The B2B new business problem has not changed. What has changed is how much harder it has become to get anyone to pick up the phone, open a cold email, or engage with generic outreach. If you are still relying on your sales team to cold call their way to target, you already know it is not working. Around 400 calls to find one interested party. Seventy-five calls a day. You do the maths.

Marketing, like psychology, is about understanding behaviour. When it comes to new business, it is about anticipating what your prospects will do before they do it, and then positioning yourself to be found when they go looking. And they are going looking on their own. Research now consistently shows that 83% of B2B buyers define their requirements before speaking to anyone in sales. By the time your phone rings, the shortlist is already written.

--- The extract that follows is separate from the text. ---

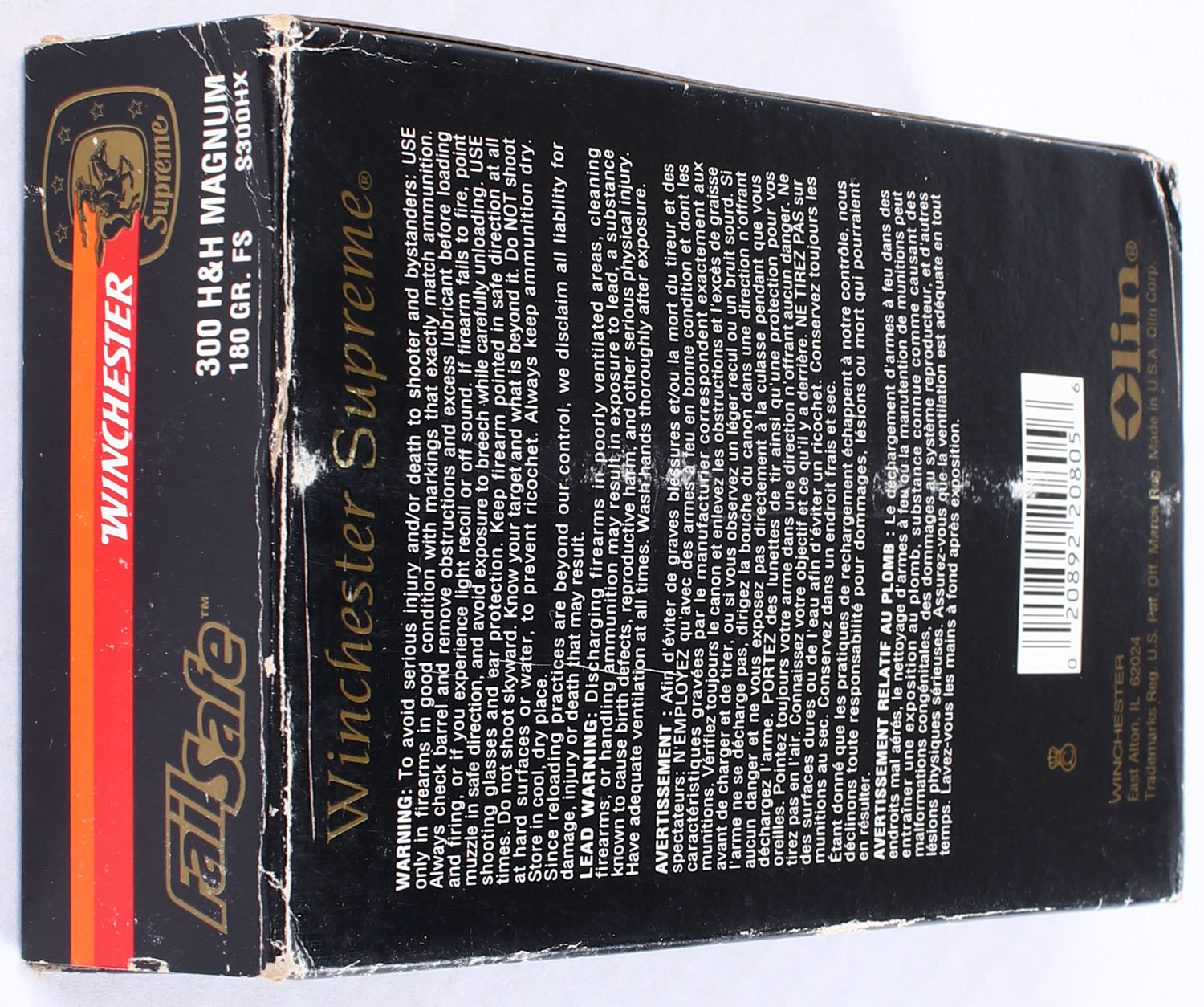 Winchester, Supreme FailSafe, 300 H & H Magnum, 180 Grain F.S., Black box with gold, white, orange & red print, box has rub marks with edge & corner wear, has sticker residue on front, end flaps are sold, ammo is excellent. Grade: Very Good ++ - Value: 24 to 36

So whilst everyone in your sector is wrestling with the same problems, the question worth asking is not "how do we do more of what we are doing?" It is: where is the actual opportunity for B2B businesses right now?

  • Where is the real commercial excitement for businesses selling B2B?
  • What can you do differently that your competitors have not thought of yet?
  • How do you inject genuine engagement into your communications with suspects, prospects and customers?
  • What is your USP as a company — and I do not mean your product. I mean you.

CTPS and GDPR — the walls keep getting higher

Neither you nor I enjoy being cold called. We both know that. And the regulatory environment has made it structurally harder to do it anyway. The Corporate Telephone Preference Service (CTPS) allows UK businesses to register their numbers against unsolicited sales calls, and as of April 2025 that register holds over 1.2 million business numbers. It is a legal requirement not to call them. Add GDPR on top and both the phone and the inbox can go very quiet, very fast.

The cruel irony is that those restrictions hit everyone equally. Including you. The same rules that stop someone cold calling your business stop you cold calling theirs. The question is not how to get around those walls. The question is how to build a commercial model that does not need to.

Hiring more salespeople is not the answer

When boards start worrying about new business, the reflex is almost always the same: get more salespeople. It is the wrong answer. More salespeople with a broken approach just accelerates the cost of failure. In the same way a website needs to be built around conversion rather than just traffic, a business needs to be built around how buyers actually behave — not how sellers wish they would.

A few things have not changed. People buy people. And buyers do a staggering amount of research before they will speak to anyone. The current picture from 6sense and Forrester is that buyers are 70 to 83% of the way through their decision before first contact. In many cases, Forrester says, B2B buying has become a process of confirmation rather than selection — the buyer already knows who they want before the conversation starts. If you are not visible during that research phase, you are not on the shortlist.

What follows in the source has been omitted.